Wildlife Sounds Put to Beat Box: Meet the Incredible Ben Mirin aka DJ Ecotone
Rating him as one of her all-time favorite guests, Oh Behave Show host Arden Moore interviews Wildlife DJ Ben Mirin, who has a unique ability to blend his beat box style to sounds from humpback whales, lemurs, cougars and even trees from the Sonoran desert into must-hear songs. Mirin hosts Wild Beats on National Geographic Kids and this musician-composer is also the 2016 Artist in Residence at the Bronx Zoo and field-recordist-in-training at the Cornell Lab of Ornithology. And yes, listeners, he does share excerpts from his wildlife compositions. Move over Tarzan, the king of wildlife sound and advocate for all sentient beings is Ben Mirin. Tune in now!

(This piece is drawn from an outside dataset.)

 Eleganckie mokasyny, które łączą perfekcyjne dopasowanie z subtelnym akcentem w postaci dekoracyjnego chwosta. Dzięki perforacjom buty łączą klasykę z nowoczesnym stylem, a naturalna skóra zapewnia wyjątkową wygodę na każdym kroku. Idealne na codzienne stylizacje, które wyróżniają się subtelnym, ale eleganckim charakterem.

Ben Mirin is an explorer, sound artist and television presenter who records wildlife and composes music from the sounds of nature. This includes his own voice, since he is also an internationally recognized beatboxer. He is the creator and host of the web and television series WILD BEATS on National Geographic Kids and Nat Geo Wild, a Fellow at The Safina Center, and the 2016 Artist in Residence at the Bronx Zoo. As a professional DJ he creates custom wildlife shows for National Geographic Events, The Bronx Zoo, the New York Botanical Garden, and various universities, scientific institutions, and nonprofits. He is a volunteer bird guide and instructor at the NY Audubon Society, and a natural sounds recordist at the Cornell Lab of Ornithology.

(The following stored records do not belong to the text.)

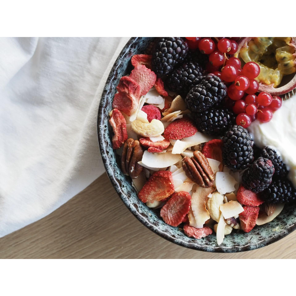 Sypaná směs pekanových ořechů, mandlí, lískových ořechů, kešu, lyofilizované ovoce a a kokosových plátků ve speciální edici LOW CARB.
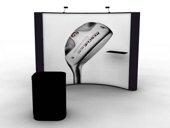 The rental exhibits gallery includes a variety of workstations with locking doors for storage, product shelves, and monitors. The arch-shape and flat canopies add an attractive design element to many rental design options. Most of the inline rental exhibits pack and ship in one crate and are easy to set up. For your peace of mind, we stage and photograph every exhibit before shipping to ensure your graphics look great and fit perfectly.
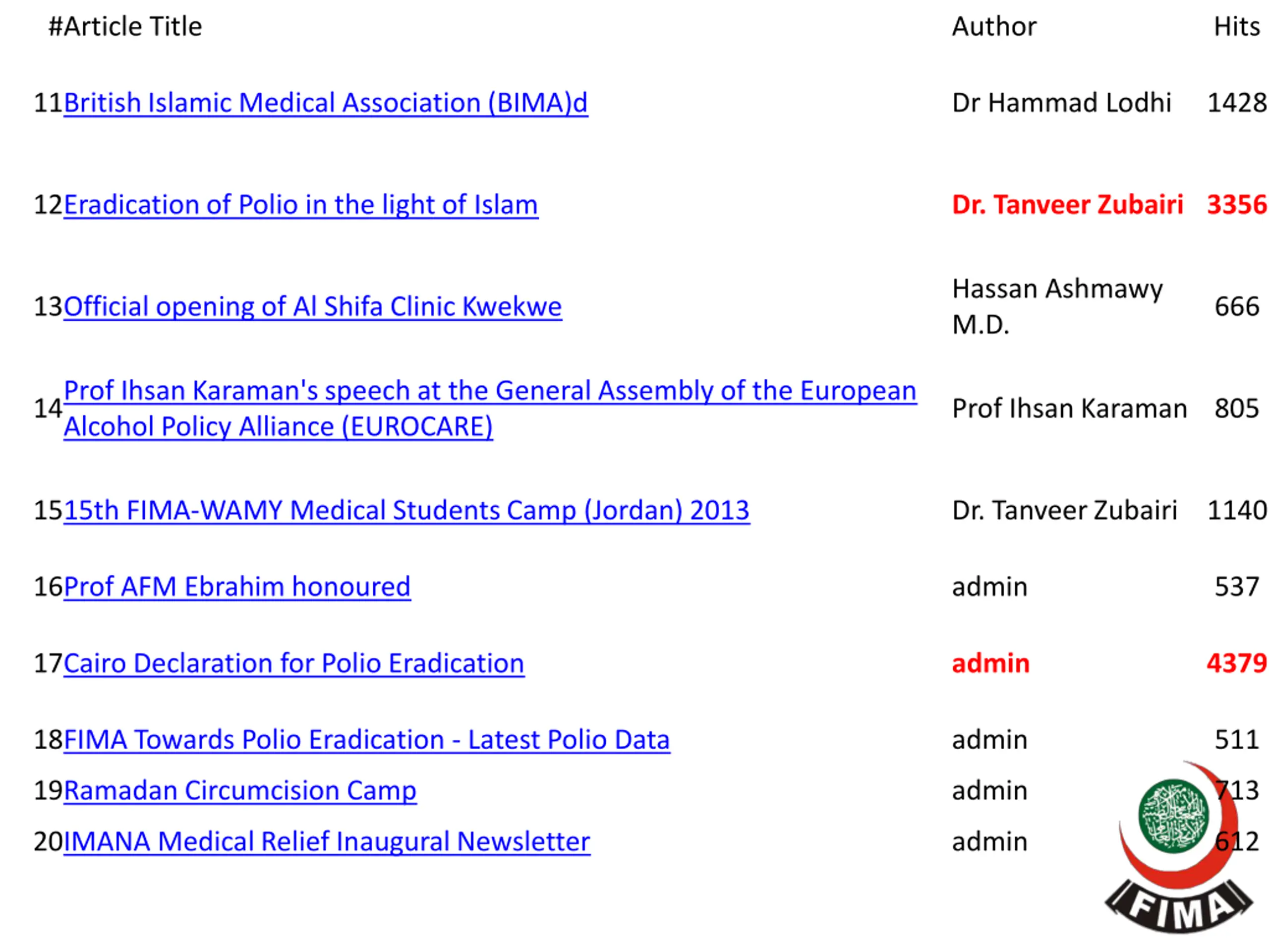 # Article Title Author Hits 11 British Islamic Medical Association (BIMA)d Dr Hammad Lodhi 1428 12 Eradication of Polio in the light of Islam Dr. Tanveer Zubairi 3356 Hassan Ashmawy M.D. 13 Official opening of Al Shifa Clinic Kwekwe 666 14 Prof Ihsan Karaman's speech at the General Assembly of the European Alcohol Policy Alliance (EUROCARE) Prof Ihsan Karaman 805 15 15th FIMA-WAMY Medical Students Camp (Jordan) 2013 Dr. Tanveer Zubairi 1140 16 Prof AFM Ebrahim honoured admin 537 17 Cairo Declaration for Polio Eradication admin 4379 18 FIMA Towards Polio Eradication - Latest Polio Data admin 511 19 Ramadan Circumcision Camp admin 713 20 IMANA Medical Relief Inaugural Newsletter admin 612
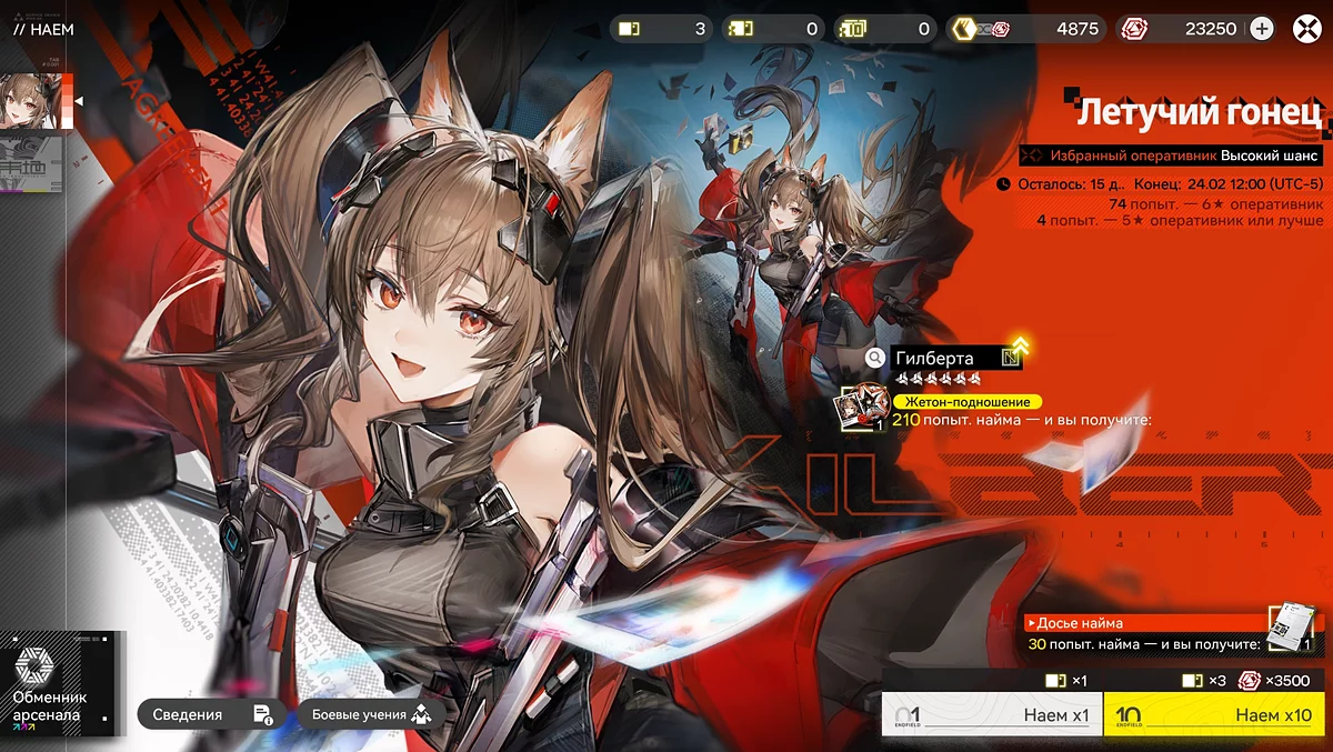 После 60 круток на лимитированном баннере вы получаете «Досье найма», дающее возможность сделать десять бесплатных прокрутов на следующем лимитированном баннере. Выдаётся только один раз за баннер; использовать его необходимо строго на следующем лимитированном баннере; сохранить на будущее нельзя — при неиспользовании сгорает.

Ben collaborates with scientists and explorers to gather sounds from some of the planet's most threatened ecosystems, and makes music to engage people with the natural world to inspire conservation. His work is rooted in lifelong passions for bird-watching and music, and has been recognized with two grants from the National Geographic Society and previous art residencies at the National Centre for Biological Sciences in Bangalore and the Lurie Garden at the Chicago Art Institute.
Before making music, Ben was a freelance science journalist for Slate.com, Smithsonian Magazine online, Scientific American Online, Audubon Magazine online, and other publications. He lives in Brooklyn, NY.